REQUIRED ACTION:
For the listing below, print exactly the lines from the line with "Producteur québécois en" to the line with "Полевые голубые цветы выделены на белом фоне", both included, and nothing beyond them.
[STUDY MATERIAL]
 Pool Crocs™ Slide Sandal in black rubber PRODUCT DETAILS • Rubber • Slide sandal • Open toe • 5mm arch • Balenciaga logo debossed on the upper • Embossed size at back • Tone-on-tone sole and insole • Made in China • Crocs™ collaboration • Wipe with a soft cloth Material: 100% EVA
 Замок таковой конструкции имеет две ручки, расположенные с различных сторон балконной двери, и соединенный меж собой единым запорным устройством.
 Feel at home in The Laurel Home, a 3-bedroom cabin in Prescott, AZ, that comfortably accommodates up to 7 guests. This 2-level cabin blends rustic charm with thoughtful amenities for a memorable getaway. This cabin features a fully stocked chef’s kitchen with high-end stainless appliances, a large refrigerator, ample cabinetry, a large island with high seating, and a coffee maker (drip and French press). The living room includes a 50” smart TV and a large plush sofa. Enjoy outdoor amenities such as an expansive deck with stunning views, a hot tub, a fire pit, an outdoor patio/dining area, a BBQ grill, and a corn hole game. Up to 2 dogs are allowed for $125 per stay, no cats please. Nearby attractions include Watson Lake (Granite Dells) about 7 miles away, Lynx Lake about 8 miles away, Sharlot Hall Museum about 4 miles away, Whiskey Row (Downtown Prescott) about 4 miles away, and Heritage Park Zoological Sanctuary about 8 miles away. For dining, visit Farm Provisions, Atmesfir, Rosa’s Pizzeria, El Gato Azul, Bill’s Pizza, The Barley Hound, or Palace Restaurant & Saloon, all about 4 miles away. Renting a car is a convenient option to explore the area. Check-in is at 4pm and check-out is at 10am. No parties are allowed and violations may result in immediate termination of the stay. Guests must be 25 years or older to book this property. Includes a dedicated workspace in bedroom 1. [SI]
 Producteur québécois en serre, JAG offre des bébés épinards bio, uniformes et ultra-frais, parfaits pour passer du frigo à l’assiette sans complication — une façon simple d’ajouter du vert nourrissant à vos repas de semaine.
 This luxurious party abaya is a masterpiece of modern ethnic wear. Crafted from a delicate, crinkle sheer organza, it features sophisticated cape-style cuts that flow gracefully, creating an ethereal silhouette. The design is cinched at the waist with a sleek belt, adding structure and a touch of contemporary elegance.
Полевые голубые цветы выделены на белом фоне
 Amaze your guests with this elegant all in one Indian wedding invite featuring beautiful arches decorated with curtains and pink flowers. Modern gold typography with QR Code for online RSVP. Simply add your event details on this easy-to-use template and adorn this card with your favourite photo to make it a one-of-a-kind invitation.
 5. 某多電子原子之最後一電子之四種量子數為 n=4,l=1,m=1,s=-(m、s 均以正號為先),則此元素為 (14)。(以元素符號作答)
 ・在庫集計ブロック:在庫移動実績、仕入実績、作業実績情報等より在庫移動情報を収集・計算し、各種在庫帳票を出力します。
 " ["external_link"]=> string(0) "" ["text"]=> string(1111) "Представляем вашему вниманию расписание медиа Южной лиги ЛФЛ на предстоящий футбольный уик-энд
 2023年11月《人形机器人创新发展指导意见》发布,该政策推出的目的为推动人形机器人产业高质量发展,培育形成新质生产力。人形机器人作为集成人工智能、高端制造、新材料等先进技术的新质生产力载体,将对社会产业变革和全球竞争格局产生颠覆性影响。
[/STUDY MATERIAL]
COMPLETED EXERCISE:
 Producteur québécois en serre, JAG offre des bébés épinards bio, uniformes et ultra-frais, parfaits pour passer du frigo à l’assiette sans complication — une façon simple d’ajouter du vert nourrissant à vos repas de semaine.
 This luxurious party abaya is a masterpiece of modern ethnic wear. Crafted from a delicate, crinkle sheer organza, it features sophisticated cape-style cuts that flow gracefully, creating an ethereal silhouette. The design is cinched at the waist with a sleek belt, adding structure and a touch of contemporary elegance.
Полевые голубые цветы выделены на белом фоне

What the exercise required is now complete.